Reviews also praised the production. Price described Swift's singing voice as pure and earnest, complimented the production as sweet and tender, and wrote that the song was "destined to be a hit". Perone considered the arrangement simple yet effective, showcasing Swift's early abilities to draw from diverse musical styles of country, pop, and rock. He nonetheless described the pop radio version as "anonymous". Rolling Stone selected the track as an example of Swift's early success for "sounding bright-eyed but remarkably seasoned". Reviewing the pop radio version, Chuck Taylor from Billboard considered it a "beautiful mainstream intro" for Swift's burgeoning success, while Maura Johnston of Pitchfork wrote that it exemplified Swift's "deft melodic touch and conversational way with deeply felt emotions" that resonated with many listeners. Fiona Chua of MTV Asia selected "Teardrops on My Guitar" as a standout on the Asian edition of Fearless.

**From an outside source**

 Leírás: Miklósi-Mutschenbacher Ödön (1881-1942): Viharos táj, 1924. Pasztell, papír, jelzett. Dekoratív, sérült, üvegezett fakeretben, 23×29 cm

Retrospective reviews of "Teardrops on My Guitar" have remained generally positive. The song was included in Business Insiders 2019 list of the 14 best songs written by teenagers and Teen Vogues 2016 list of the "91 Best Songs About Unrequited Love". Rob Sheffield of Rolling Stone considered it one of Swift's "defining early smashes", and Unterberger lauded it as an effective single with a "weeping melody", relatable lyrics, and clever title. Vulture's Nate Jones regarded the track as the best example of Swift and Rose's "early songwriting cheat code", highlighting how "they switch the words of the chorus around at the end of the song". Variety's Chris Willman dubbed it the starting point of Swift's pop success beyond country. Alexis Petridis of The Guardian provided a lukewarm commentary, saying that the single was well-crafted but unexceptional. Bratcher commented that he was "iffy" with the song's "country" labeling, but he deemed it a nice listen with relatable lyrics.

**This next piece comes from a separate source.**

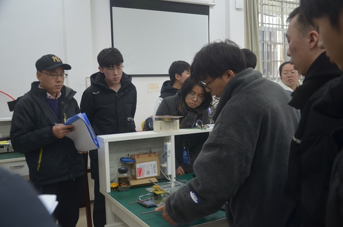 各参赛队伍在接近两个月的准备时间里,经历了自由组队、讨论选题、作品制作、作品提交及测评等环节,共21组队伍参加了本次比赛。在比赛现场,选手们向评审专家们介绍自己的作品,阐述自己的设计原理、所用元器件和实现的功能,同时也将自己作品实现的功能一一展示出来。展示结束后,评审专家们对各组作品进行了点评,针对一些不足之处提出了改进建议,同时也根据演示效果为各组作品进行评分。在本次比赛中,不少队伍兼具创意与实用性的作品都给评审专家们留下了深刻印象,选手们也获得了评委专业细致的指导。

==Commercial performance==
"Teardrops on My Guitar" was Swift's breakthrough chart success. In the United States, it peaked at number 13 on the Billboard Hot 100 chart and number two on the Hot Country Songs chart. It became Swift's first pop crossover success, peaking at number seven and spending 21 weeks on the Pop Songs chart. The single peaked within the top 10 of four airplay charts—Hot Country Songs, Pop Songs, Adult Pop Songs, and Adult Contemporary. At the 2008 Country Awards hosted by Broadcast Music, Inc., which honored the most successful country songs on US airplay that year, "Teardrops of My Guitar" won Song of the Year. The song also won Recurrent Country Performance Activity at the 2008 SESAC Nashville Awards. It was certified triple platinum by the Recording Industry Association of America (RIAA) in April 2014, for surpassing three million units based on sales and streaming. By July 2019, "Teardrops on My Guitar" had sold three million digital copies in the United States.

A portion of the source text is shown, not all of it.